Instructions to follow. Everything from the line with "Por sua vez, Enrico" to the line with "Серьги с 2 топазами" in the listing below, both lines included, needs to be copied exactly, apart from the pictures.

Data provided.
....................

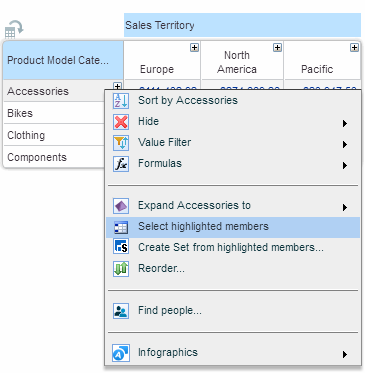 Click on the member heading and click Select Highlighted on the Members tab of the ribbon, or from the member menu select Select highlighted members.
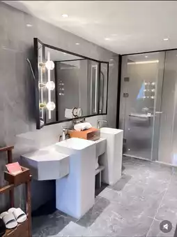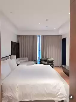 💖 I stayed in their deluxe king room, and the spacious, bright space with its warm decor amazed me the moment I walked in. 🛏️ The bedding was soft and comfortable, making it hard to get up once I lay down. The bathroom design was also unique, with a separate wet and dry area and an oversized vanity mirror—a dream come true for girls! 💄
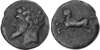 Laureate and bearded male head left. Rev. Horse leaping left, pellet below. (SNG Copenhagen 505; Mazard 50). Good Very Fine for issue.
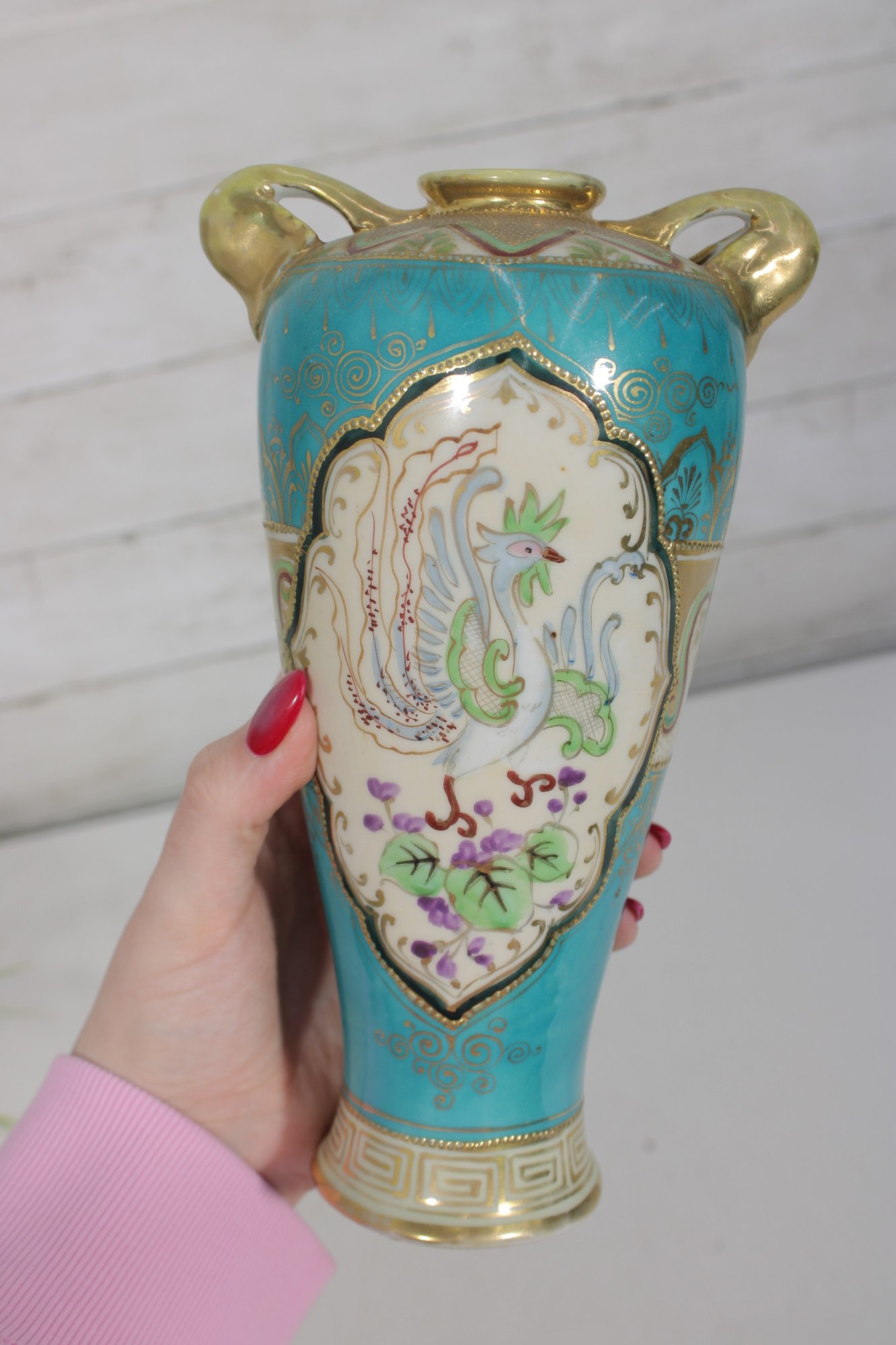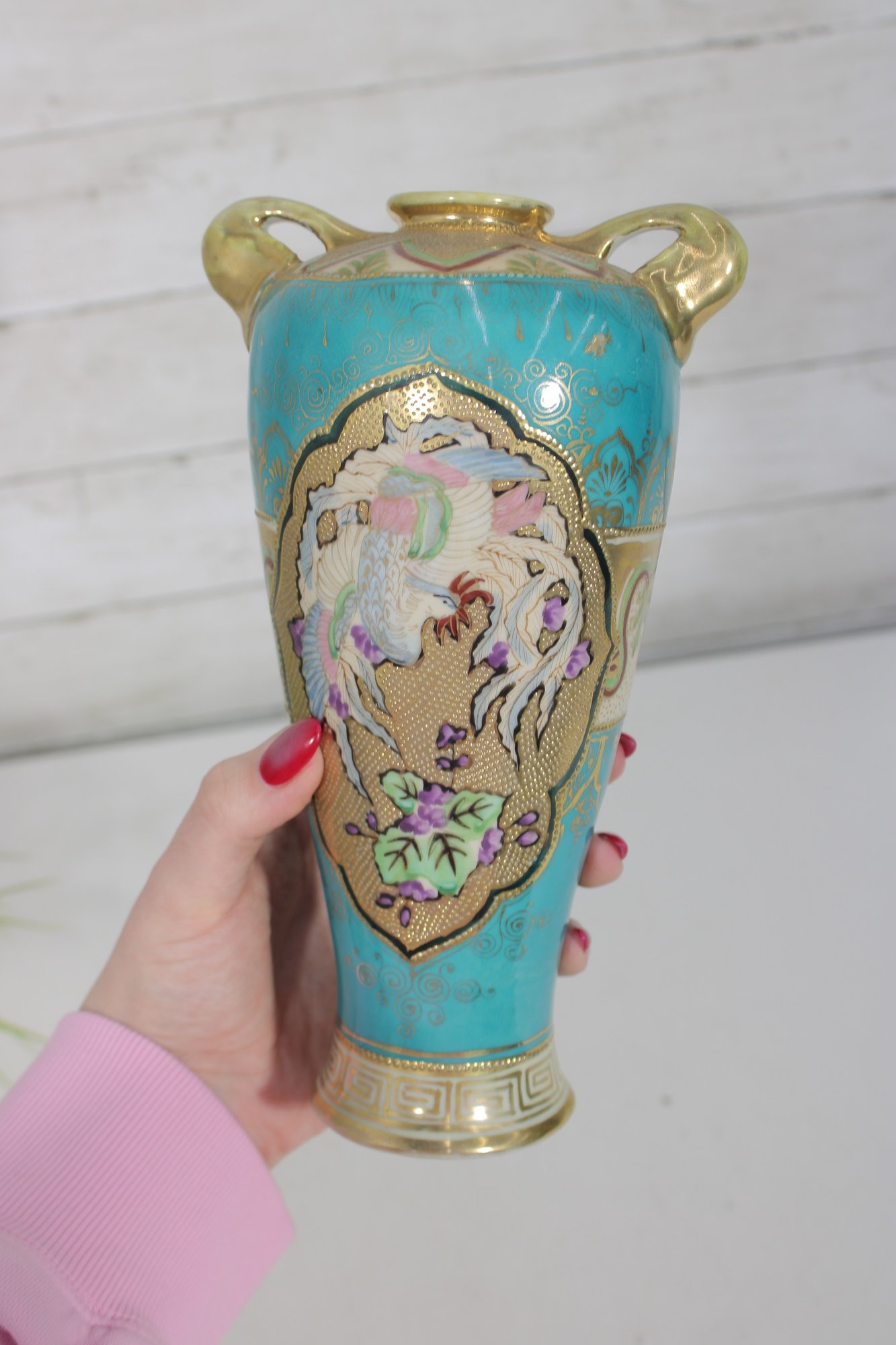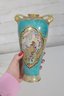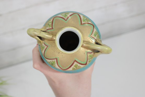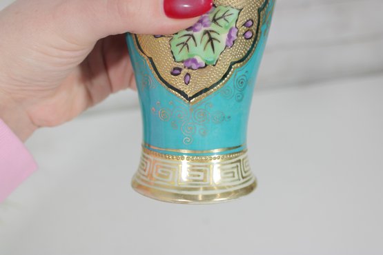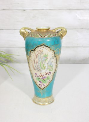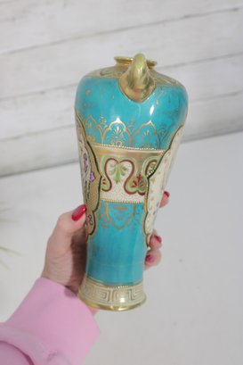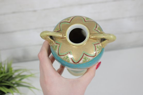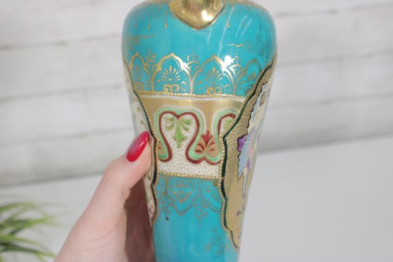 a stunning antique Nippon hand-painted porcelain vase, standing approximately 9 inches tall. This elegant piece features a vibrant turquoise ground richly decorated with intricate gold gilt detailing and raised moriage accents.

....................

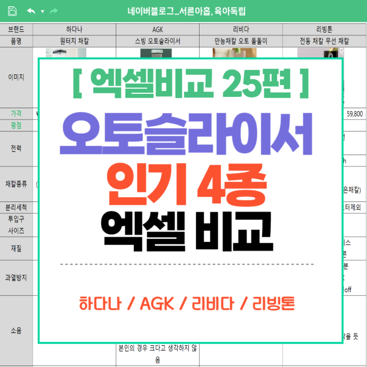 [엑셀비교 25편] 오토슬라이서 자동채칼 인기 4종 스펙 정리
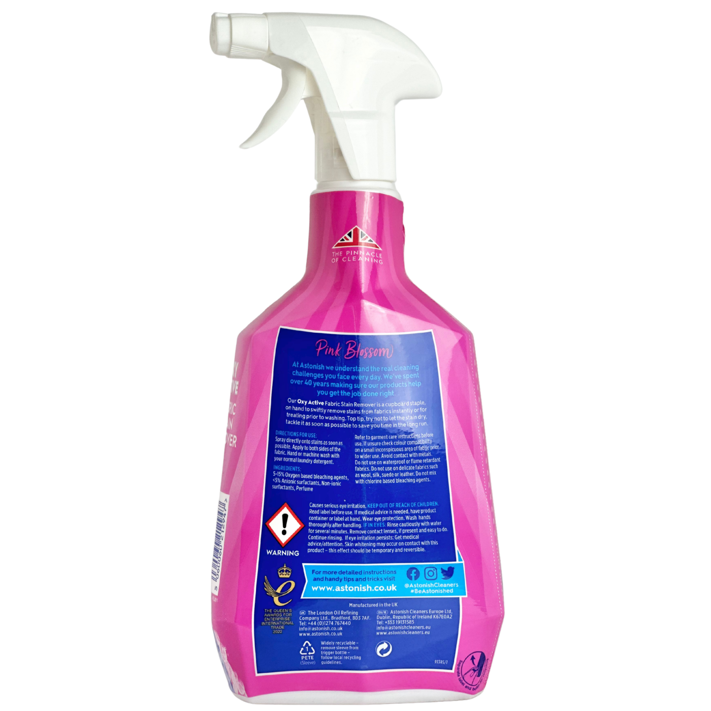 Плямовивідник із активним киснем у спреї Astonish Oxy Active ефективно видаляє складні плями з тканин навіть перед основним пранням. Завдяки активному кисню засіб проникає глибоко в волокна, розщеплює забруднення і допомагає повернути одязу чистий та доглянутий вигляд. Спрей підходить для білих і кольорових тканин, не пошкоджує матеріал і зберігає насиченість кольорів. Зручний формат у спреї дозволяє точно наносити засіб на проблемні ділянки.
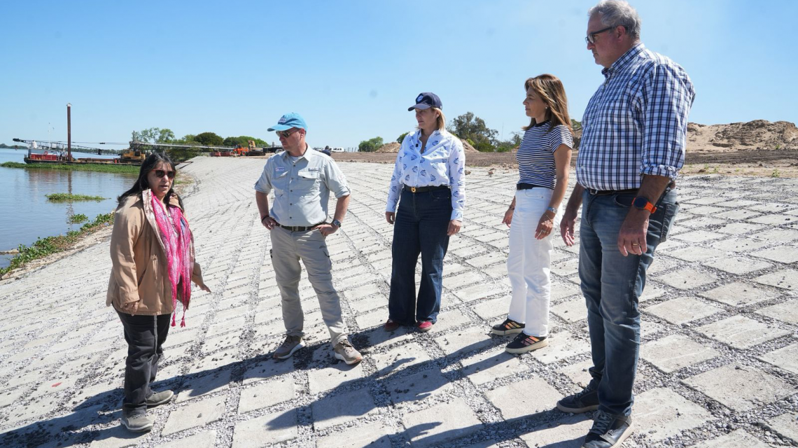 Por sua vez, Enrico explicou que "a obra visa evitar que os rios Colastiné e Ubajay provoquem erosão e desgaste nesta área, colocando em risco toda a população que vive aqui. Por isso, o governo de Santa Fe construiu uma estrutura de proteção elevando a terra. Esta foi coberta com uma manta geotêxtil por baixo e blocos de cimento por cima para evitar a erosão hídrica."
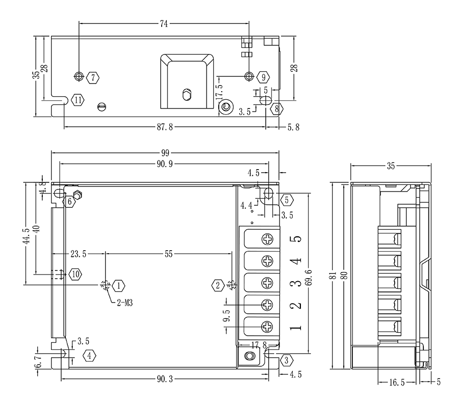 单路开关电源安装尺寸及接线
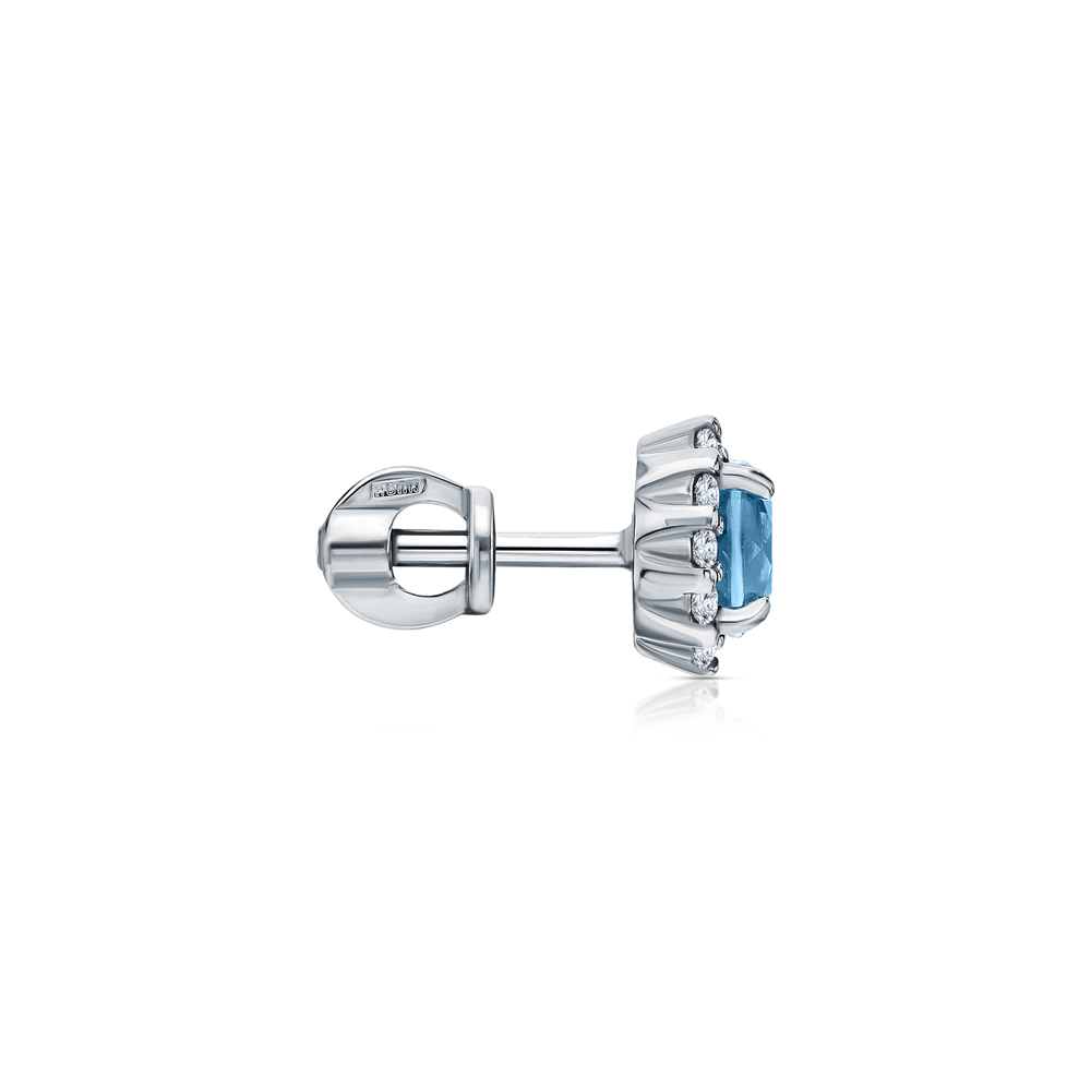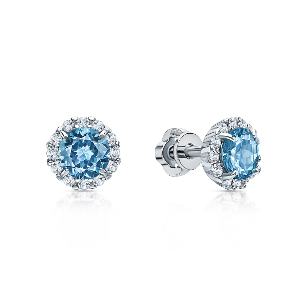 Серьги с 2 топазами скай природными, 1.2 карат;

....................

Your solution.
 Por sua vez, Enrico explicou que "a obra visa evitar que os rios Colastiné e Ubajay provoquem erosão e desgaste nesta área, colocando em risco toda a população que vive aqui. Por isso, o governo de Santa Fe construiu uma estrutura de proteção elevando a terra. Esta foi coberta com uma manta geotêxtil por baixo e blocos de cimento por cima para evitar a erosão hídrica."
 单路开关电源安装尺寸及接线
 Серьги с 2 топазами скай природными, 1.2 карат;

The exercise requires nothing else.